In April 1972, aboard Apollo 16, Young became the ninth member of the exclusive club of moon walkers. Bouncing along the lunar surface in a four-wheeled rover, he and Charlie Duke collected 200 pounds of rock specimens.

Once the U.S. had beaten the Soviet Union’s cosmonauts to the moon and funding dried up, Young pushed NASA to return to the moon or venture to Mars, to provide the human race with a backup home in the event of Earth’s destruction.

Dire Outlook

“Earth’s geologic history is pretty clear: It says, quite frankly, that single-planet species don’t last,” Young said, according to a 2004 Houston Chronicle story.

Young became chief of NASA’s Astronaut Office, supervising training of new recruits and helping to develop the shuttle, the first fixed-wing space vehicle designed for reuse.

In 1981, Young commanded the shuttle program’s inaugural mission, orbiting Earth 37 times in the Columbia. It was the first time NASA put men on a vehicle’s initial voyage, and the earliest manned spacecraft launched by solid rocket boosters.

He commanded the Columbia again in 1983, his final journey into the cosmos.

Young already had a history of acting as a watchdog for crew safety and firing off blunt memorandums when the Challenger exploded shortly after takeoff in January 1986, killing all seven aboard. A memo he had sent three weeks earlier, leaked to the media after the tragedy, criticized NASA for compromising protection to meet launch schedules.

Shuttle Warnings

In news interviews and testimony to the presidential commission that investigated the accident, he warned that space shuttles would continue to reveal defects.

“The technical truth always has to be told, and telling it regardless of the consequences was one of my personality traits that people who knew me well learned to put up with,” Young wrote in “Forever Young,” his 2012 autobiography.

Young was reassigned in 1987 as special assistant for engineering, operations and safety at the Johnson Space Center in Houston, a move he viewed as punishment for his outspokenness.

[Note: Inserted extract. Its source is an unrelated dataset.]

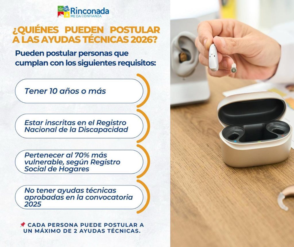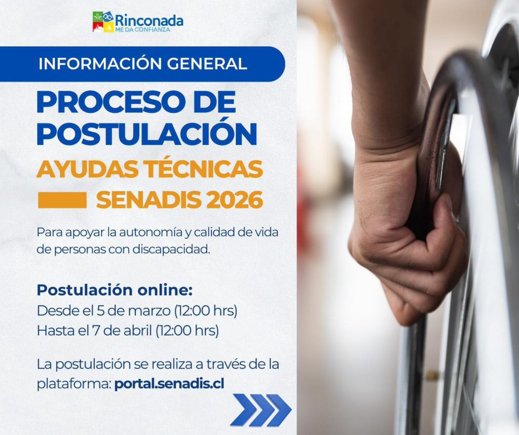 La Municipalidad de Rinconada reitera a la comunidad que el Servicio Nacional de la Discapacidad (SENADIS) mantiene abierto el proceso de postulación al Programa Regular de Ayudas Técnicas 2026, iniciativa que busca apoyar a personas con discapacidad mediante la entrega de elementos que contribuyan a mejorar su autonomía y calidad de vida.
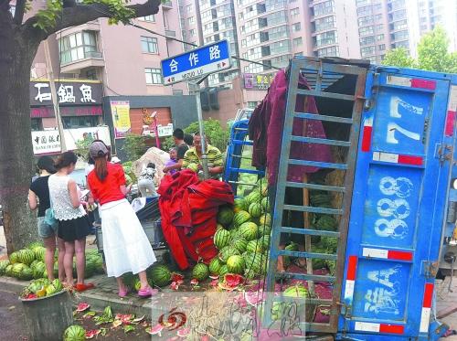 侧翻的西瓜车旁围了很多爱心市民阅读提示

“I wrote my memos to hit people over the head: with facts, with what-ifs, with contingencies, with options to contingencies, and with the stupidity and danger of absurd and ludicrous bureaucratic decisions,” Young wrote about the 2003 loss of the shuttle Columbia and seven more lives. “In retrospect, it’s just so damn hard to believe that we hadn’t pinpointed the problem.”

Test Pilot

John Watts Young was born Sept. 24, 1930, in San Francisco to William Young and Wanda Howland Young. The family moved to Cartersville, Georgia, and then Orlando, Florida, as his father sought work during the Depression.

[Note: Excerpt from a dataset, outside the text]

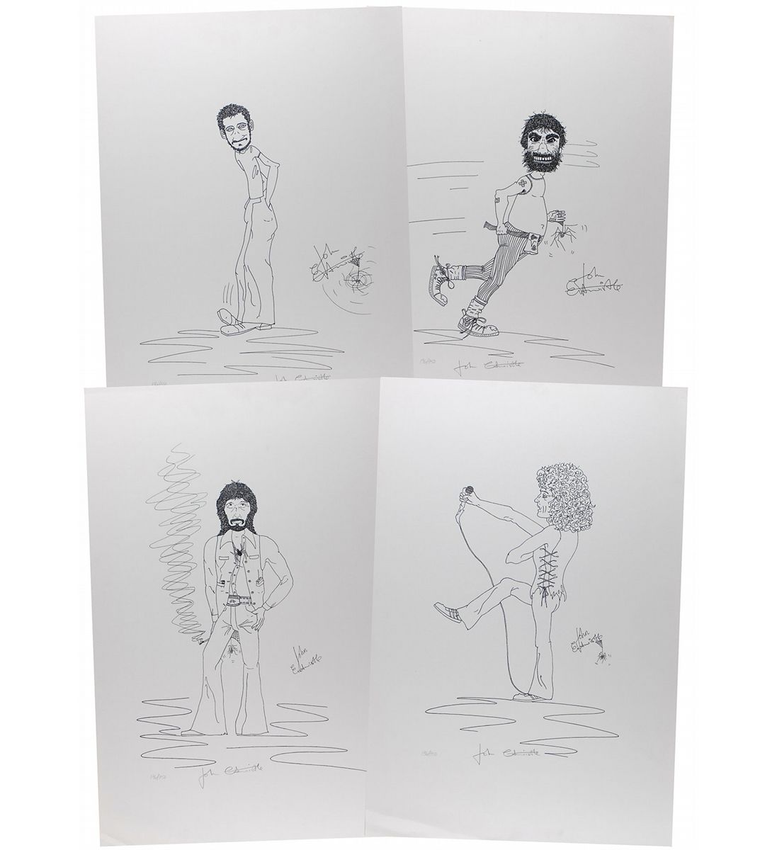Four limited edition lithographs, all 20 x 30, all four numbered 136/350, each depicting a caricature of the original members of the Who, each signed in pencil by Entwistle. In fine condition, with a few creases to lower left corners.

Young earned a bachelor’s degree in aeronautical engineering from the Georgia Institute of Technology in Atlanta in 1952. He was an aviator in the Korean War and remained in the Navy as a test pilot until joining the astronaut corps.

Even after he was moved to a desk job, Young kept his credentials current and remained a qualified astronaut until retiring at age 74.

He acknowledged being haunted by the deaths of the two shuttle crews and of close friend Grissom, killed with two other astronauts in the 1967 fire during a test countdown for what was to have been Apollo 1.

“Even today, approaching a half century later, I swallow hard when I think back to the Apollo 1 fire and the deaths of our buddies,” Young wrote in his memoir.

Young was married to the former Susy Feldman. With his first wife, Barbara White Young, he had two children, John Jr. and Sandra.